[DATA BLOCK]

********************

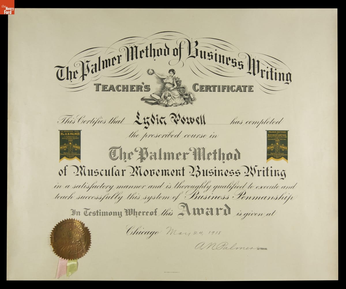 The Palmer Method of Business Writing Teacher's Certificate Awarded to Lydia Powell, May 24, 1918
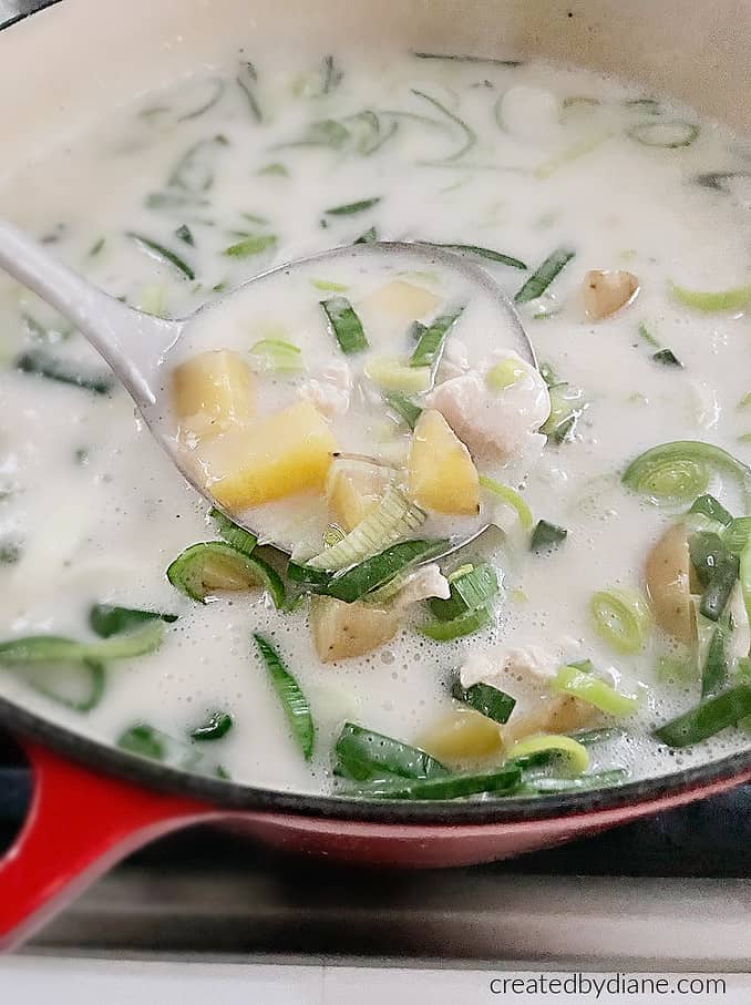 Oh, scooping out a big bowl of hot, delicious, creamy potato leek soup with chicken is just what a cool day calls for!
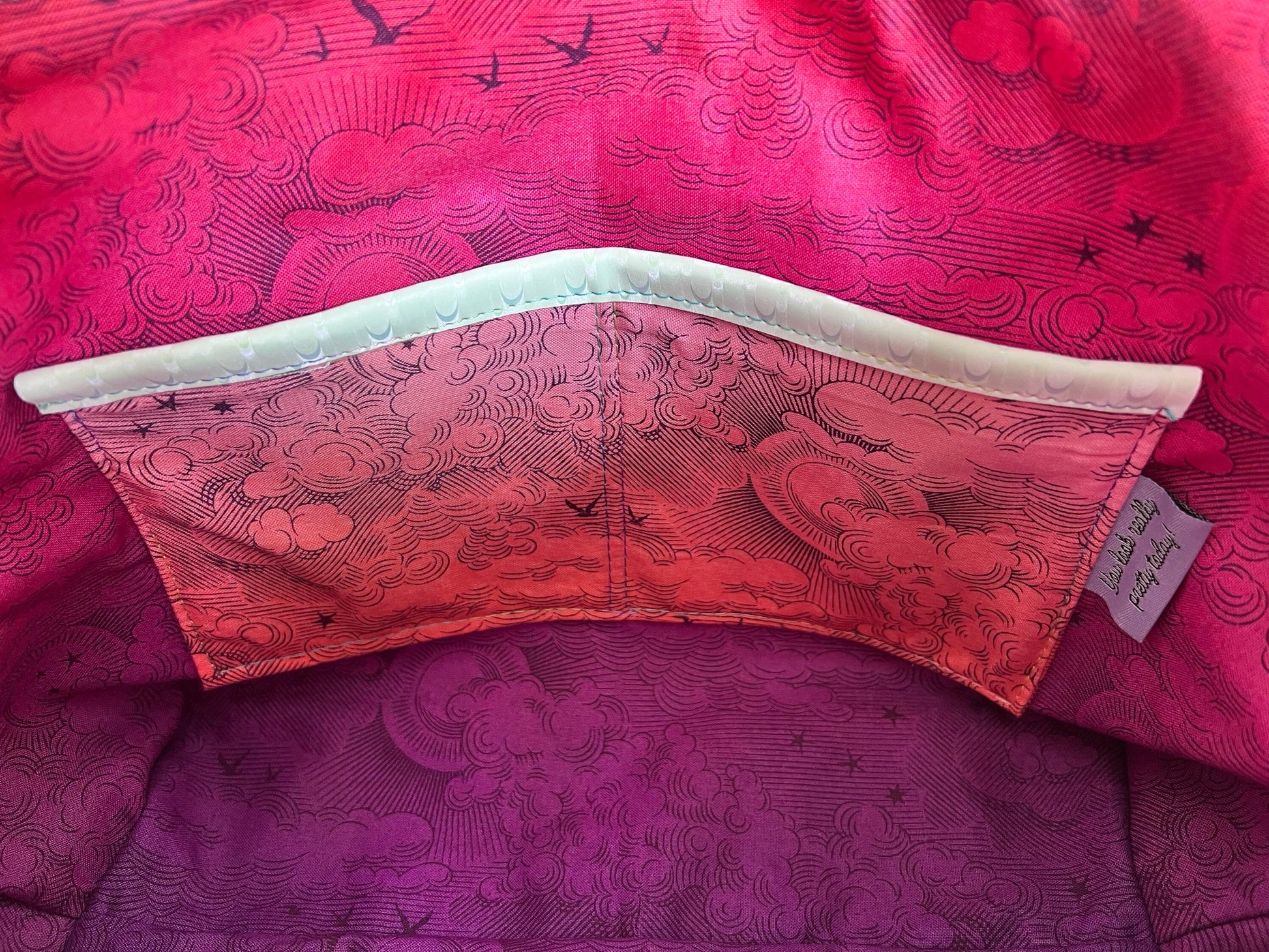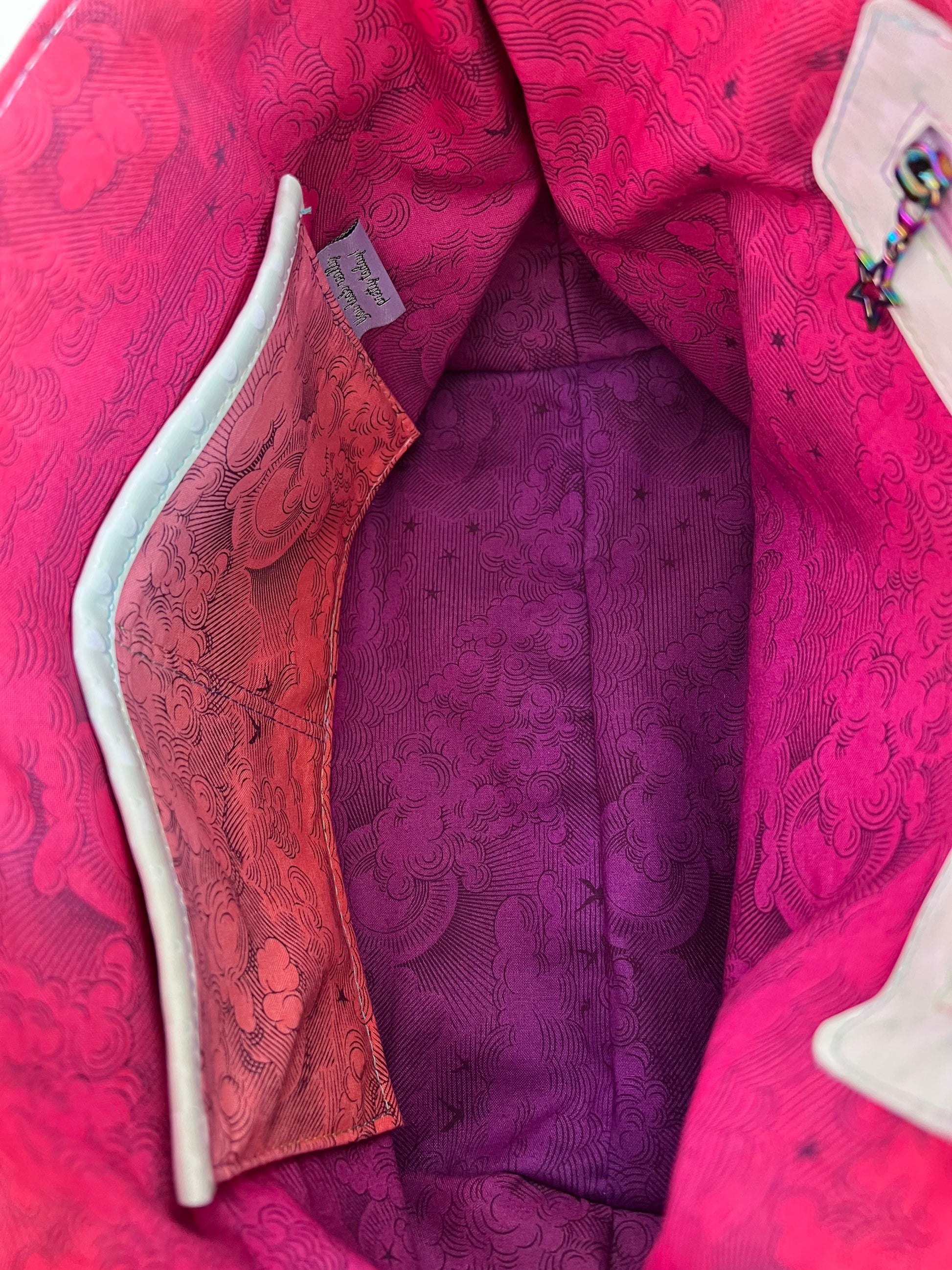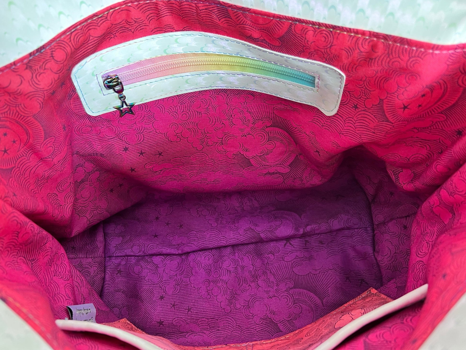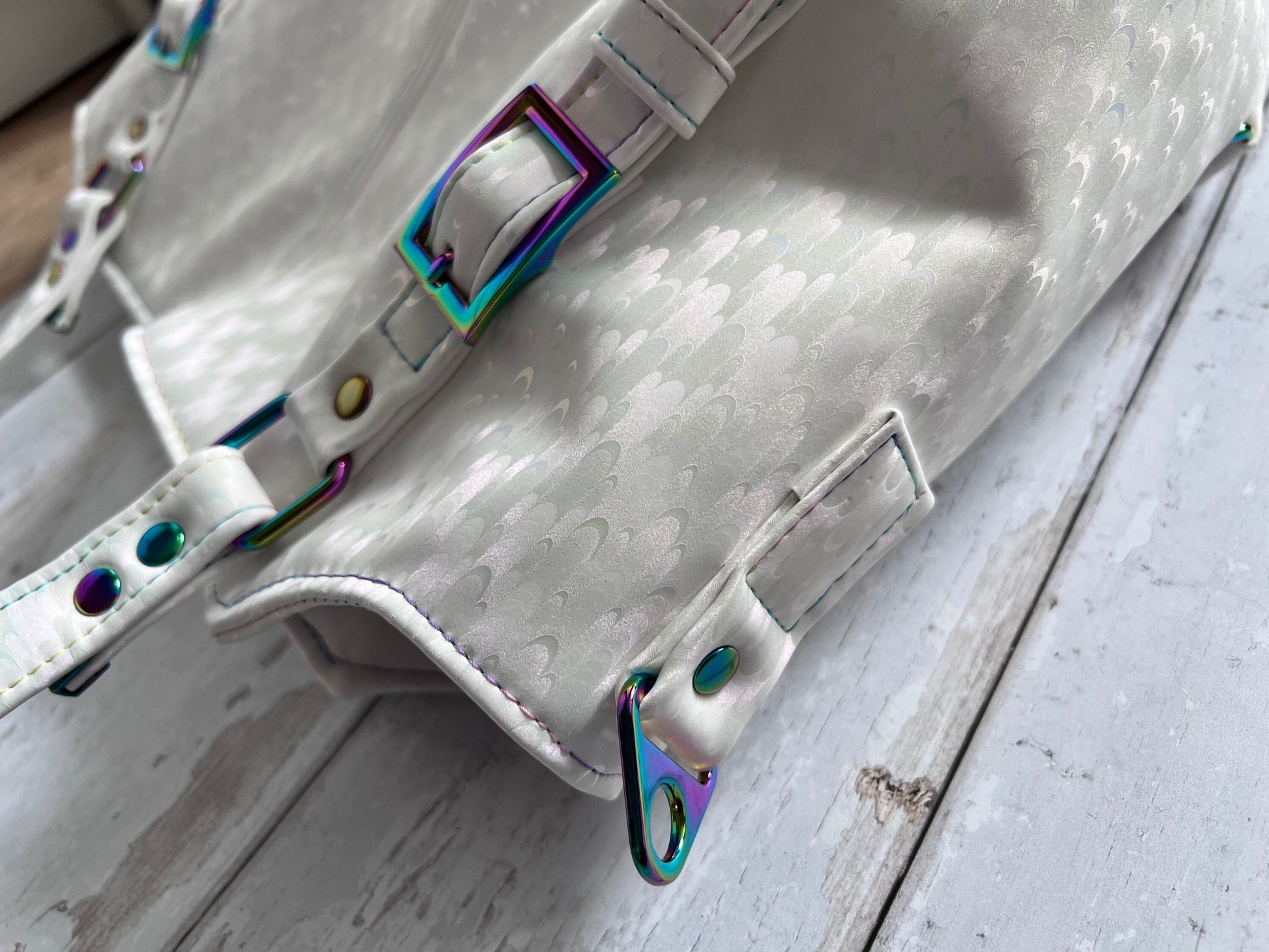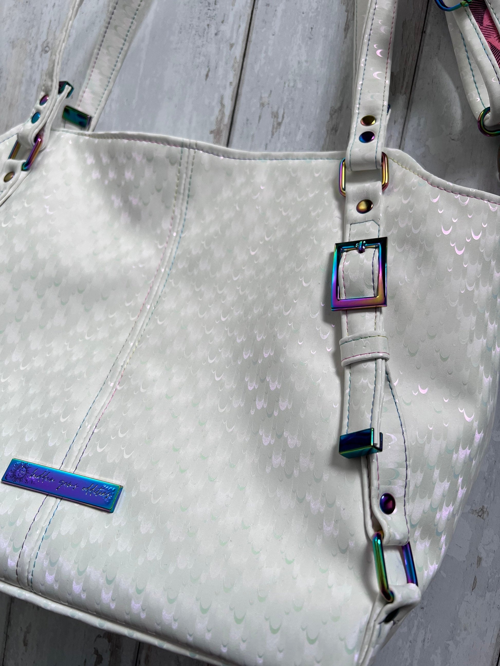 This bag is ready for a tropical summer holiday! This gorgeous white vinyl has a slight shimmer pattern that catches the light, and the rainbow hardware and contrast stitching hints at the gorgeous sunset inspired lining within. This bag is stunning inside and out and will surely turn heads at the beach, bar or out strolling in the summer sun!
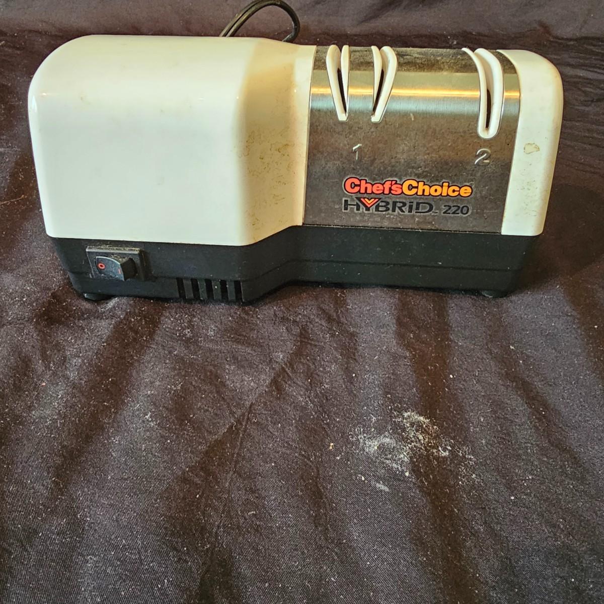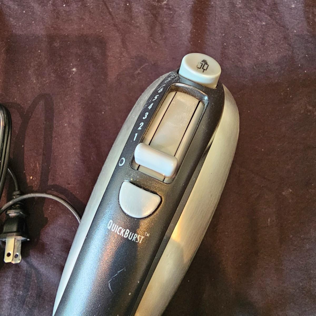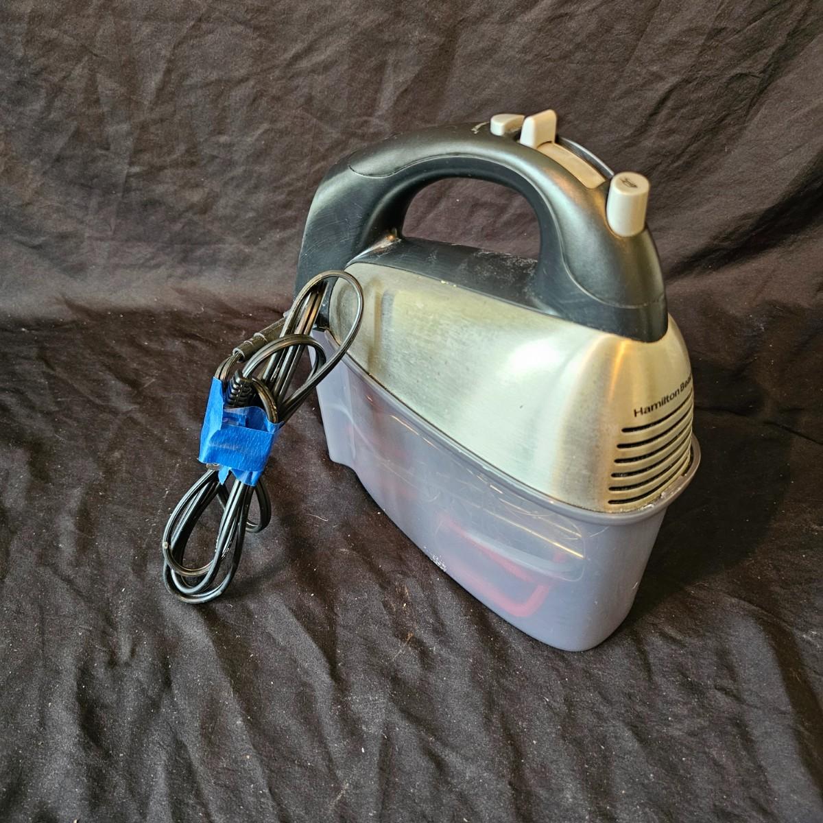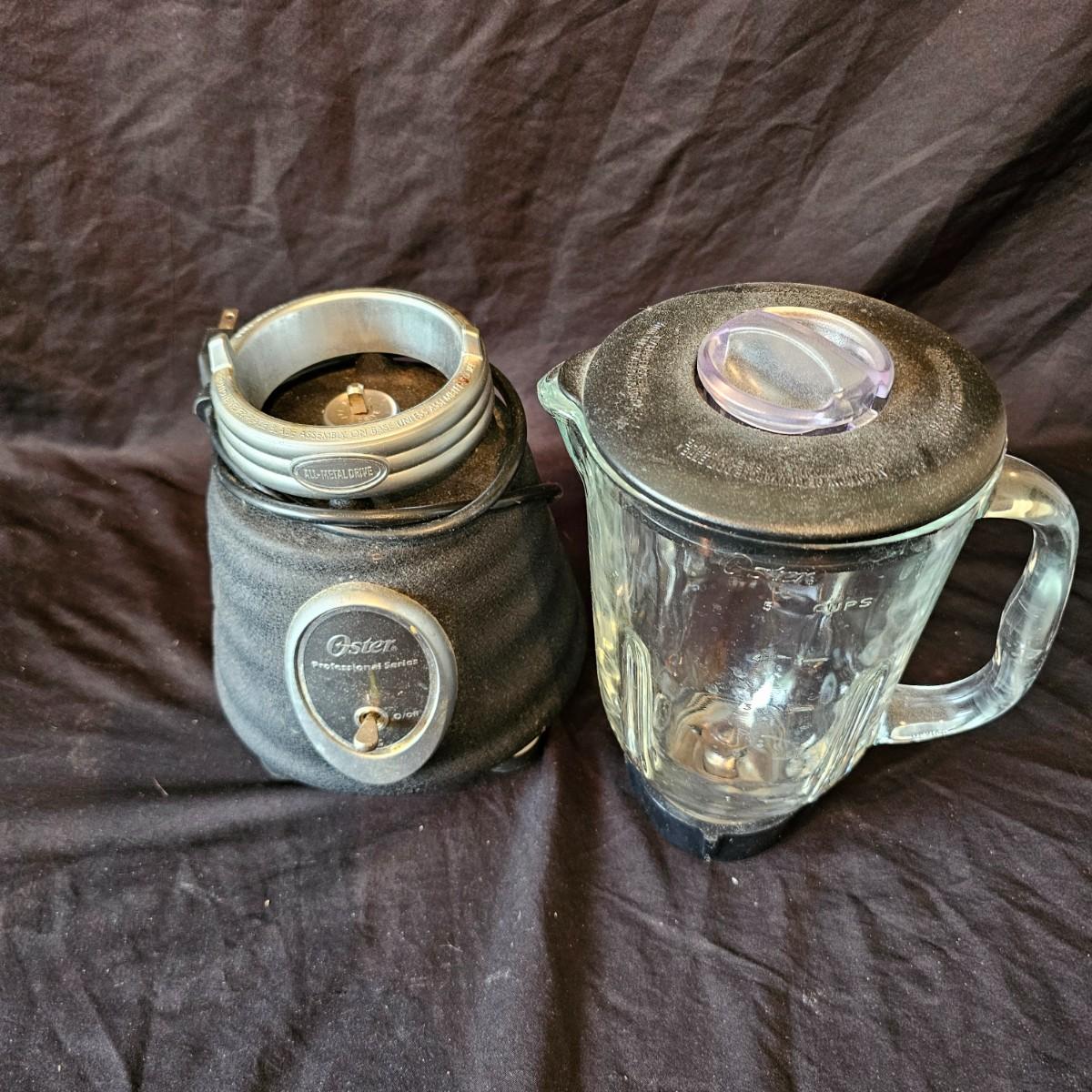 Several handy small appliances for kitchen use. A blender, coffee mill, knife sharpener, hand mixer and more. Oster blender is 7.5"D x 15.5"H, knife sharpener is 7.25" x 3" x 3.5"H. Black & Decker can opener/knife sharpener is 5" x 6" x 9"H. All items powered on when plugged in. See photos for details. Shipping available.

********************

From the material above, print everything exactly except the pictures.

[PROBLEM SOLUTION]
 The Palmer Method of Business Writing Teacher's Certificate Awarded to Lydia Powell, May 24, 1918
 Oh, scooping out a big bowl of hot, delicious, creamy potato leek soup with chicken is just what a cool day calls for!
 This bag is ready for a tropical summer holiday! This gorgeous white vinyl has a slight shimmer pattern that catches the light, and the rainbow hardware and contrast stitching hints at the gorgeous sunset inspired lining within. This bag is stunning inside and out and will surely turn heads at the beach, bar or out strolling in the summer sun!
 Several handy small appliances for kitchen use. A blender, coffee mill, knife sharpener, hand mixer and more. Oster blender is 7.5"D x 15.5"H, knife sharpener is 7.25" x 3" x 3.5"H. Black & Decker can opener/knife sharpener is 5" x 6" x 9"H. All items powered on when plugged in. See photos for details. Shipping available.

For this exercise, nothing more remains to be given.